Plusieurs des données que nous suivons de près ont montré une détérioration des fondamentaux sous-jacents aux États-Unis. Par exemple, l’indice d’activité nationale de la Fed de Chicago (CFNAI) est une moyenne pondérée de 85 indicateurs mensuels de l’activité économique nationale. Comme le montre le graphique ci-dessous lorsque la valeur du CFNAI-MA3 est inférieure à -0,70 après une période d’expansion économique, la probabilité qu’une récession ait commencé augmente. À l’inverse, lorsque la valeur du CFNAI-MA3 dépasse -0,70 après une période de contraction économique, la probabilité que la récession soit terminée augmente. À la fin du mois de juillet, l’indice affichait -0,26, ce qui met en évidence le ralentissement de l’économie américaine.

Ce graphique montre l’indice d’activité nationale de la Fed de Chicago, qui est une moyenne pondérée combinant 85 indicateurs mensuels de l’activité économique nationale. Il couvre la période de 1967 à juillet 2019 sur une base mensuelle. Comme l’indique le graphique, lorsque la valeur de cet indice passe à un niveau inférieur à -0,70 après une période d’expansion économique, la probabilité qu’une récession a débuté augmente. À l’inverse, lorsque sa valeur dépasse -0,70 après une période de contraction économique, la probabilité qu’une récession est terminée augmente. Selon les données les plus récentes, à la fin de juillet, cet indice ressortait à -0,14, ce qui met en évidence le ralentissement de l’économie américaine.

Nous suivons également les indicateurs économiques avancés aux États-Unis. L’indice comprend 10 composantes économiques dont la variation tend à précéder les changements dans la santé de l’économie globale, notamment le nombre hebdomadaire moyen d’heures travaillées dans le secteur manufacturier, le nombre de nouveaux permis de construire et la confiance des consommateurs, pour n’en citer que quelques-uns. En juillet, l’indice affichait 1,6, soit son niveau le plus bas en deux ans et demi. Depuis 1970, une récession est survenue en moyenne six mois après que l’indice fut passé en territoire négatif. Une mesure de l’activité manufacturière aux États-Unis publiée par l’Institute for Supply Management, qui s’est établie à 49,1, a révélé une contraction de l’activité manufacturière en août (un nombre inférieur à 50 indique une contraction). C’était la première fois que cette donnée passe sous la barre des 50 depuis 2016.

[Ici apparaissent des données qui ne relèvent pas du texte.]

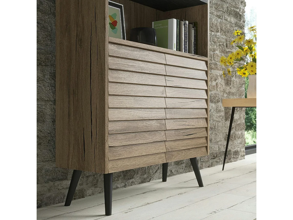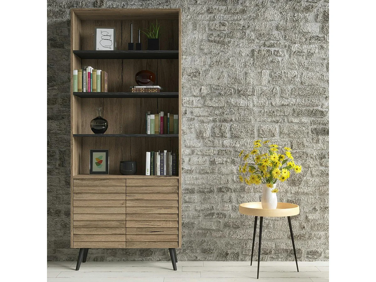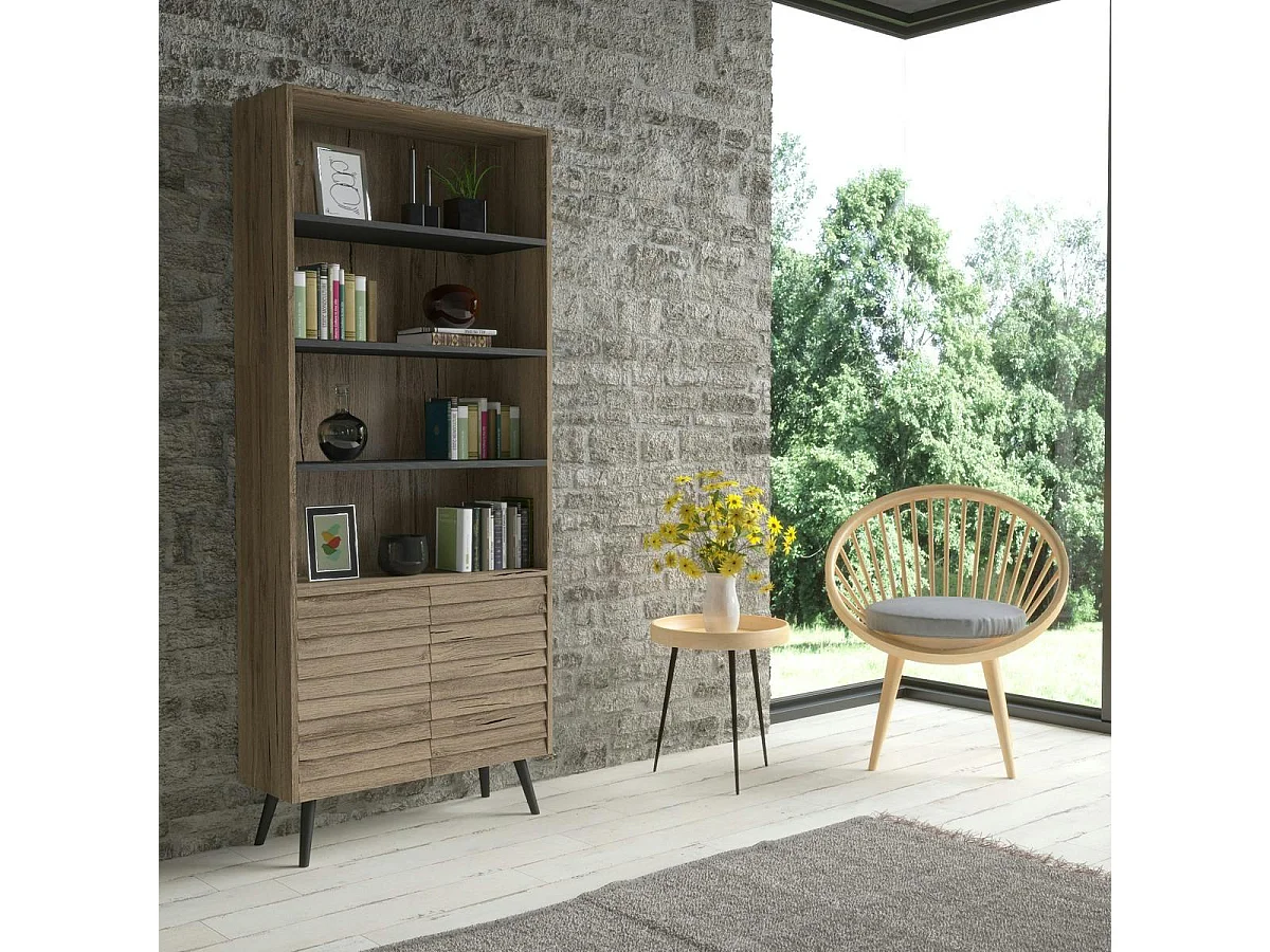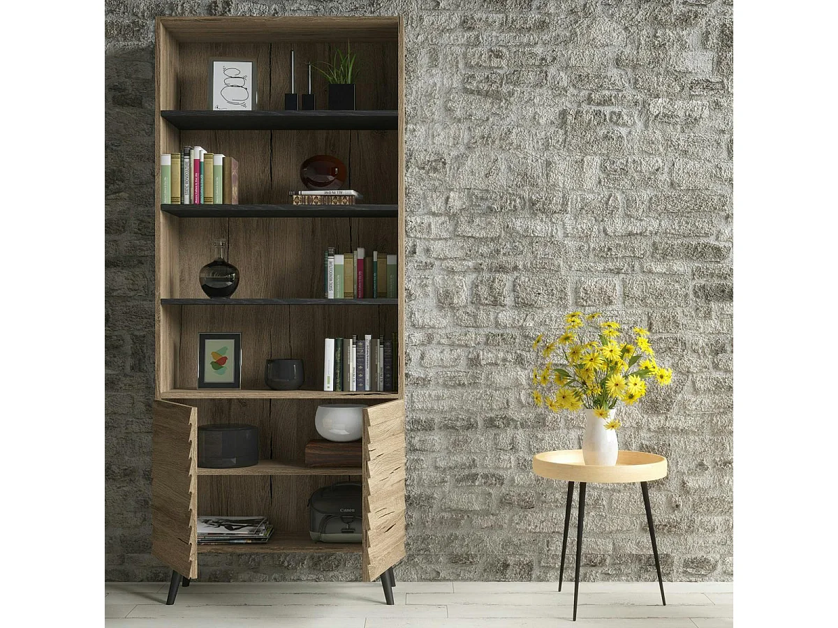 Bibliothèque salon effet noyer, 2 portes sculptées MARFA

Ce graphique montre l’indice mensuel des indicateurs économiques avancés aux États-Unis établi par le Conference Board des États-Unis. Il couvre la période de 1976 à juillet 2019. Cet indice comprend dix composantes économiques dont la variation tend à précéder les changements dans la santé de l’économie globale, notamment le nombre hebdomadaire moyen d’heures travaillées dans le secteur manufacturier, le nombre de nouveaux permis de construire et la confiance des consommateurs, pour n’en citer que quelques-uns. En juillet, l’indice des indicateurs économiques avancés affichait 1,6, soit son niveau le plus bas en deux ans et demi. Depuis 1970, une récession est survenue en moyenne six mois après que cet indice fut passé en territoire négatif. De plus, l’indice S&P 500 atteint habituellement son sommet après que l’indice des indicateurs avancés est devenu négatif, mais avant le début de la récession. La seule exception depuis 1976 s’est produite en 1999, lorsque l’éclatement de la bulle Internet a précédé la récession.

Dans notre billet de janvier, Voyage avec prudence, et non avec crainte, nous estimions à 30 % la probabilité d’une récession de l’économie américaine en 2019 et en 2020. Nous étions toutefois d’avis que les risques d’une récession pourraient augmenter en raison de la possibilité d’une erreur de politique, non pas de la Réserve fédérale, mais de l’administration actuelle. L’intensification des tensions politiques entre les États-Unis et la Chine est un bon exemple d’une telle erreur et, selon nous, augmente la probabilité d’une faiblesse économique accrue à l’échelle mondiale durant la deuxième moitié de 2019.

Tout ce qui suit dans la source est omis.